By Matthew Santamaria (email@example.com)
One life event can change you forever. This is what happen to James Del Carpio. His parents are from Peru and both arrived to the United States. James was born and grew up in Queens, New York. However, the marriage would not last as they ended up getting a divorce. James witnessed his father getting physically abusive with his mother.
He would eventually grow up and meet the love of his life, Kelly. James is having a great life as he is also working in the city. However, there was one fact about his life that James would soon realize. In 2014, his cousin from Peru would tell him that his father had Huntington’s disease (HD). Through the years, he thought his father had Parkinson’s disease as the family had no prior knowledge of HD. His life would come in full circle as he would learn more about the disease.
This is a fatal genetic disorder that causes the progressive breakdown of nerve cells in the brain. It deteriorates a person’s physical and mental abilities during their prime working years and has no cure.
The symptoms of Huntington’s disease are described as having ALS, Parkinson’s and Alzheimer’s – simultaneously. It can take a person’s ability to walk, talk, and swallow. According to his mother, his father developed signs of the disease including abusive behavior. James noticed slight movements with his father but thought it was only Parkinson’s.
That next year, James wanted to be tested. His wife was along his side as it was a very long day at the clinic. Then, they met with their doctor and would find out that James tested positive for mutated HD gene. This was a very emotional time but he knew that he had to be strong.
At the time, he had three children including Kayla, Alexya, and Skyla. His wife was also pregnant with their fourth child, Mya. James and Kelly know that all four children have a 50/50 chance of inheriting the disease. James would not give up in this moment as he wanted to take action and worked closer to home because he wanted to be near his family in upstate New York and spend as much time with them as he could.
“There’s no known cure for HD, but there is hope,” said James. “As of right now I’m pre-symptomatic, which is the doctors’ way of saying it’s not if, but when I’ll experience these life-changing symptoms. They’ve inspired me to educate others and raise awareness for HD in hopes of finding a cure through social media, fundraising events, and team committees.”
James was inspired to live a healthier lifestyle after going to an HD-Fitness study in Iowa. This study would consists of people who tested positive for the gene and wanted to see if fitness can possibly prolong the disease. Since then, James has fully embraced the healthier lifestyle. This includes a balanced nutrition, clean eating, and daily physical activity. For example, he started the #StopDropandPlank4HD challenge and has an incredible reach on social media.
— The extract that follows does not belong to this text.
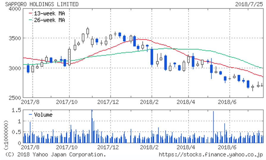 | (2501)サッポロHD | 株価 (2018/7/25 終値) | 2,701円 |
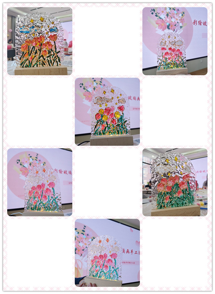 精美的玻璃画作品出炉,大家对自己亲手制作的作品爱不释手,分享着创作的喜悦。

“I want to encourage others to drop to their forearms in a core-challenging pushup position and share that on social media, as a unique way to raise awareness for HD,” said James. “I took that mission to the Hudson Valley, hosting a live event with ArchCare at Ferncliff in Rhinebeck. It has been amazing to see this challenge grow not just nationally, but also around the world.”
He has also run in several marathons which includes New York City and Philadelphia. This also includes the Team Run HD marathon in Chicago. James wants the ability to control his body and does not want the disease to take over. Every time that he crosses that finish line, it is a moral victory. He wants to be strong for his kids and to show them to never give up.
James is continuing getting involved more in the HD community. He spoke at the Philly Hope HD Walk and Run where he received a certificate of recognition for his dedicated service to the community and HDSA from Senator Sue Serino.
“I had no idea I was going to be honored at the walk! It was so humbling and rewarding to know that I was making a difference.”
James and Kelly have also attended last year’s Huntington’s Disease Society of America (HDSA) Convention in Los Angeles, California. He also served on the HDSA-ArchCare Team Hope Walk – Hudson Valley committee to prepare for the 3rd Annual Walk. Through it all, his family is by his side.
“My HD story is about hope,” he explains. “I’m committed to fighting and prolonging the onset of this disease for myself and others. I share my story with the hope that people who have been diagnosed with HD — or any other fatal disease — will not view it as a death sentence. It’s important to make the days count.”
He continues: “I’m still in control of my body and my mind. One day, HD will take that away from me. But it will never take away my heart or my soul. I have HD, but HD does not have me.”
Huntington’s disease is a fatal genetic disorder that causes the progressive breakdown of nerve cells in the brain. It deteriorates a person’s physical and mental abilities during their prime working years and has no cure. Each child of a parent with HD has a 50/50 chance of inheriting the faulty gene that causes Huntington’s disease. Today, there are approximately 30,000 symptomatic Americans and more than 200,000 at-risk of inheriting the disease. The symptoms of Huntington’s disease are described as having ALS, Parkinson’s and Alzheimer’s – simultaneously.
The Huntington’s Disease Society of America is the premier nonprofit organization dedicated to improving the lives of everyone affected by HD. From community services and education to advocacy and research, HDSA is the world’s leader in providing help for today and hope for tomorrow for people with HD and their families.